Sikh governor of Doaba
- In office 1834–1841
- Monarch: Ranjit Singh
- Preceded by: Desa Singh Majithia
- Succeeded by: Shaikh Imam-ud-Din

Sikh governor of Kashmir
- In office 1841–1846
- Preceded by: Mihan Singh
- Succeeded by: Shaikh Imam-ud-Din

Personal details
- Born: Unknown Hoshiarpur, Jalandhar Doab
- Died: 24 March 1846 Srinagar, Sikh Empire

= Shaikh Ghulam Muhy-ud-Din =

Muslim official of Sikh Empire (died 1846)

Shaikh Ghulam Muhy-ud-Din was a Muslim official of Sikh Empire who served as the governor (nazim) Jalandhar Doab during 1834–1841 and governor of Kashmir during 1841–1846. He was succeeded by his son Shaikh Imam-ud-Din in both positions.

==Biography==
Muhy-ud-Din was born in a poor Punjabi Muslim family in Hoshiarpur to Shaikh Ujala, who worked as a munshi for Sardar Bhup Singh of Guler State. Starting his life as a shoe-maker, he took up service of diwan Moti Ram and accompanied his son Kirpa Ram when the latter was appointed governor of Kashmir in 1827. Kirpa Ram entrusted to him the deputy-governorship. After four years Kirpa Ram was recalled along with Muhy-ud-Din and both of them faced imprisonment and fines due to the allegations of mismanagement.

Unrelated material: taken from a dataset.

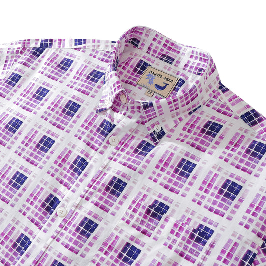 Men's Plaid Shirt Gradient Geometry Purple Print Cotton Hawaiian Shirt

After a year Muhy-ud-Din regained his position and was sent with prince Sher Singh to Kashmir to rehabilitate the shawl industry, again serving as deputy-governor during 1832–1834. In 1834 he was appointed governor of Jalandhar Doab and remained so until 1841.

Muhy-ud-Din was appointed to Kashmir in 1841 after the previous governor, Mehan Singh, was killed in a mutiny. In 1843 a Sikh army numbering 7000 men was defeated at Kahori by Sher Ahmad, the Bomba chief. In the same year Muhy-ud-Din ended several discriminatory measures that had been imposed on the Kashmiri Muslims since the Sikh conquest in 1819, including reopening the Jamia Masjid for prayers after 25 years and permitting the calling of Azan.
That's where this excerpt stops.